There is limited data with regards to risk factors for syncope recurrence. In a retrospective study of almost 4000 patients among whom 380 experienced syncope, risk factors for occurrence of syncope while driving included: male gender, age > 65 years, presence of prodromal symptoms, history of cardiovascular disease or stroke, and prior episodes of syncope while driving.[47] In a recent prospective study of a younger cohort (mean age 38 years) with vasovagal syncope, the rate of serious injury from syncope while driving was 0.0035%, raising doubt regarding the need for any restriction at all.[48] Clearly, guidelines and laws should be followed when present. In their absence, until better data becomes available, decisions on activity restrictions in patients with syncope should be made on an individualized basis, accounting for the risk of recurrence.

Future research

Future research should focus on the following areas: (1) continued development and study of pharmacologic therapies for syncope; (2) large-scale evaluation of syncope observation units especially among frail older adults, (3) improved risk stratification for driving after a syncopal episode; and (4) development of strategies to improve the management of syncope worldwide.

Although behavioral modifications can significantly improve symptoms and potentially prevent recurrent episodes of syncope, there remains a need for additional targeted therapies for those who fail conservative measures.
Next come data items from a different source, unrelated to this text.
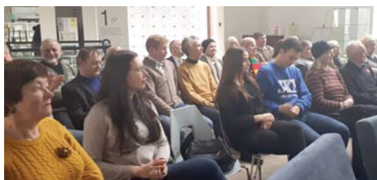
Susitikimas su profesoriumi Liudu Mažyliu nesutruokė gausaus anykštėnų būrio.

L. Mažylis ne tik domisi Lietuvos istorija, bet ir kolekcionuoja su Lietuvos valstybingumu susijusius eksponatus. Jo kolekcijoje – ir 1918 m. vasario m. Vienoje išleistas laikraštis, kuriame išspausdintas Lietuvos nepriklausomybės aktas. „Galima sakyti, tą laikraštį radau visai atsitiktinai. Nuvažiavau į Vieną, į austrų – lietuvių draugijos organizuotą renginį. Po oficialiosios dalies renginio organizatoriai manęs paklausė, kaip noriu praleisti laisvą laiką. Pasakiau, jog nieko nenoriu, nes kitą dieną jau turiu skristi į Vilnių. Tačiau, geriau pagalvojęs, prasitariau, jog norėčiau užsukti į antikvariatą... Žinau tokių pavyzdžių, kai žmogui gimimo dienos proga dovanoja jo gimimo dieną išėjusį laikraštį, o Austrijoje tokia praktika labai dažna. Kai antikvariato savininkas paklausė, ko aš ieškau, atsakiau, jog 1918
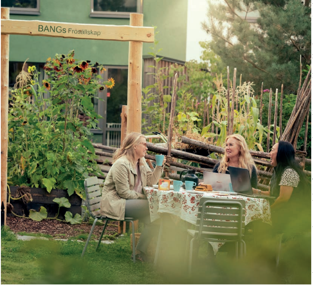
Omslaget: Kvarteret Göken, Kungsholmen, foto: SKB. Foto sida 2: iStock (vänster uppe), baraBild.se (höger uppe), Karl Nordlund (nedre).
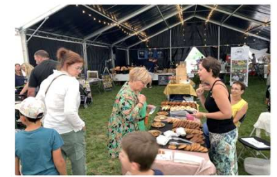
L'objectif du GAL du Pays des Quatre-Bras était de permettre les rencontres entre le monde agricole et les habitants du territoire.
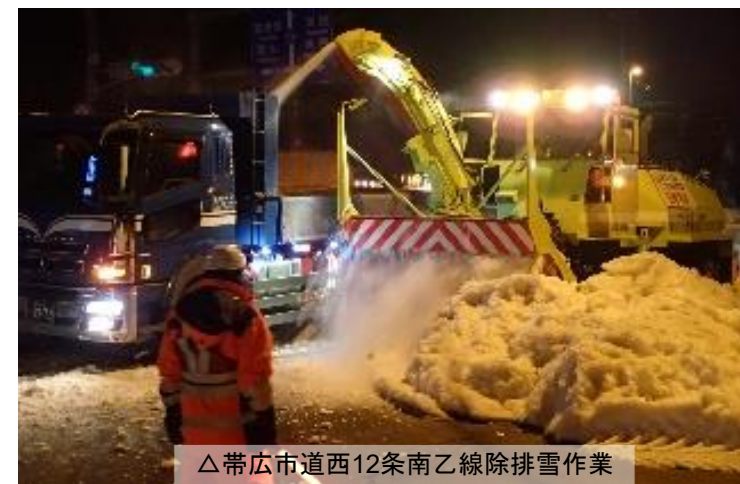
△帯広市道西12条南乙線除排雪作業

Future study should focus on continued development and study of therapies that target the diverse underlying pathophysiology of syncope to prevent morbidity and mortality associated with syncope.

Syncope observation units may facilitate a cost-effective multidisciplinary approach to syncope, and have potential to improve clinical outcomes while also reducing admissions. Large-scale studies evaluating their impact on clinical outcomes, especially in the most vulnerable older adult population, are critical for the future of syncope observation units.
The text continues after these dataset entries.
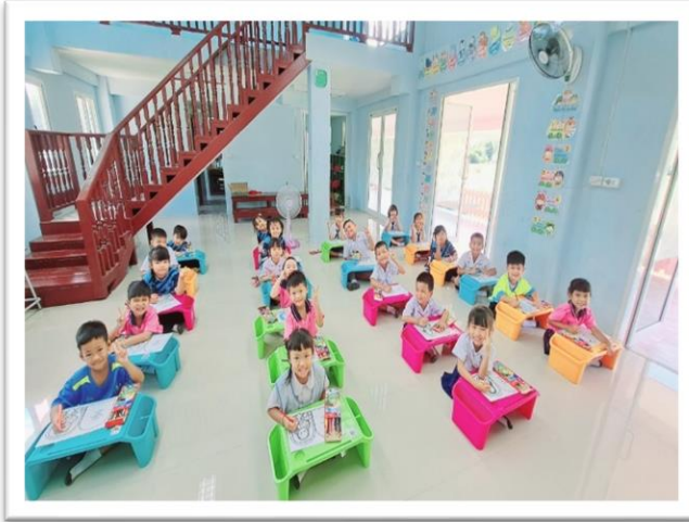
กิจกรรมการจัดประสบการณ์ระดับปฐมวัย
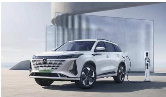
图表20: 长安 CS75plus 智电 iDD 外观 (正面)

1) 深蓝 S7 定位为中型 SUV, 将会有增程和纯电两种动力模式可选。车身尺寸 4750/1930/1625mm, 轴距 2900mm。其增程版, 电机总功率 175kW, WLTC-160km。纯电版, 提供 160kW 和 190kW 两版本, 续航为 520 和 620 公里, 使用三元锂电池。售价 17.19 万元起, 6 月正式上市。
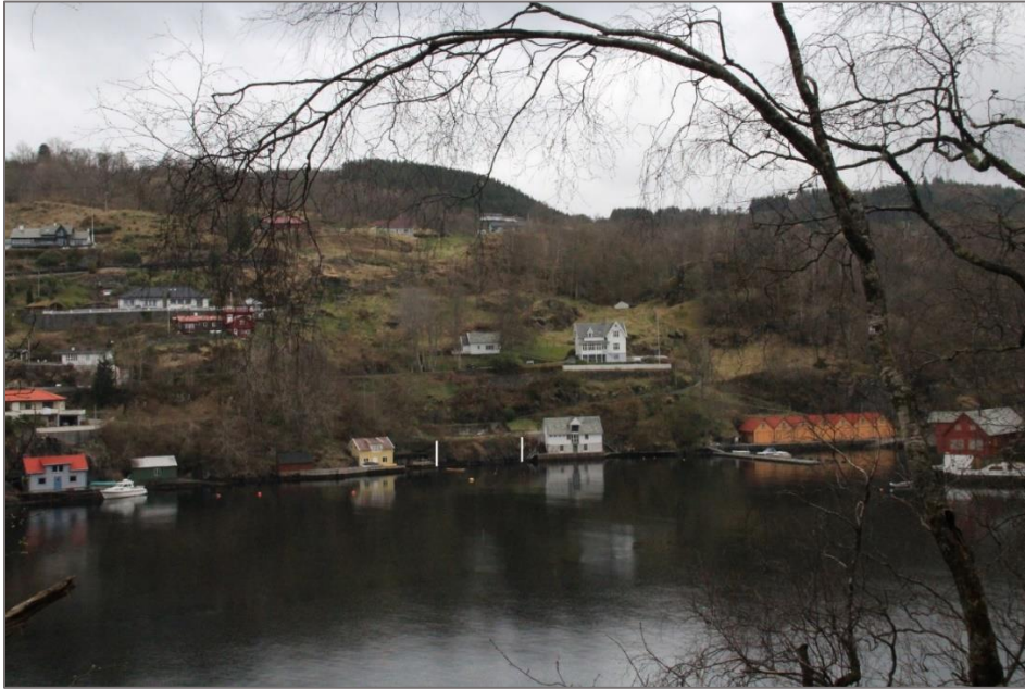
Austsida av Kvamsvågen. Vertikale kvite strekar markerer strandlina framføre FTF1.

The risk of syncope while driving, and subsequent risk for injury, is poorly characterized with significant variation in recommendations across countries and even states within the USA. Unfortunately, studies to date have either been retrospective in nature or failed to include a large proportion of older adults, the populous that comprise the majority of those who experience syncope. Future studies should therefore prospectively examine the influence of patient-level factors on the risk of driving in the setting of different types of syncope among a broadly-aged cohort.
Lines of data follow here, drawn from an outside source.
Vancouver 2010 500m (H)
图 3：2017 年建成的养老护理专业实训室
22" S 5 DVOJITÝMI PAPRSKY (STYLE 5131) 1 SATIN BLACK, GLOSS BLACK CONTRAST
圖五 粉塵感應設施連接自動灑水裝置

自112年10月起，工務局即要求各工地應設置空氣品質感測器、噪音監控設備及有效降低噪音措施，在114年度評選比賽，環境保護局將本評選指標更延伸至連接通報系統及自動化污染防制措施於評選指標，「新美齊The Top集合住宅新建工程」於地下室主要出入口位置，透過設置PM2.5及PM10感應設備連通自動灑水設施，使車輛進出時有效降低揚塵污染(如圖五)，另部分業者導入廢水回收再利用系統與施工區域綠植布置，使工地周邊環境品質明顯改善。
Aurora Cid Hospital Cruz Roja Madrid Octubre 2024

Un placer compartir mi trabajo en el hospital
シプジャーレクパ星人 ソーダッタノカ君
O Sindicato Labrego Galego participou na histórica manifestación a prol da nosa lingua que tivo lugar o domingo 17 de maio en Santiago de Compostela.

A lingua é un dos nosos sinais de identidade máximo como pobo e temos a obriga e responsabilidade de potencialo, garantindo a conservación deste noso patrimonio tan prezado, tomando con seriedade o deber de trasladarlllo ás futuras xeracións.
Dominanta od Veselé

As the geriatric population continues to grow worldwide, syncope will remain an important complex clinical condition requiring medical providers to give thoughtful consideration to contributing factors, potential etiologies, and optimal therapeutic interventions. Research efforts should focus on developing strategies to improve awareness of present guidelines, encourage integration of the pre-existing evidence base with geographic and cultural differences in presentations and etiologies, and facilitate implementation of population-specific processes to ensure high quality care of this vulnerable population.

Clinical pearls

In summary, syncope is an important cause of morbidity and mortality in older adults. Numerous age-related changes in cardiovascular structure and function, multimorbidity, and polypharmacy contribute to the incidence and prevalence of syncope in older adults. The most common etiologies in older adults are neurally-mediated, which includes vasovagal syncope, and orthostasis/dysautonomia. Arrhythmia and cardiac structural disease, while less common causes of syncope in older adults, are associated with worse outcomes compared to neurally-mediated and orthostatic etiologies. Older adults can be risk-stratified based on the presence of high-risk features which most prominently include pre-existing or suspected cardiac disease. Higher risk patients warrant inpatient evaluation, whereas lower risk patients may not. A careful history and physical, electrocardiogram, and postural vitals signs are important for evaluation, and may be sufficient to make a diagnosis. Accordingly, the diagnostic yield of postural vital signs is high, the yield of echocardiography depends on the presence of underlying or suspected cardiac disease, and the yield of brain imaging, electroencephalogram, and carotid Doppler are low.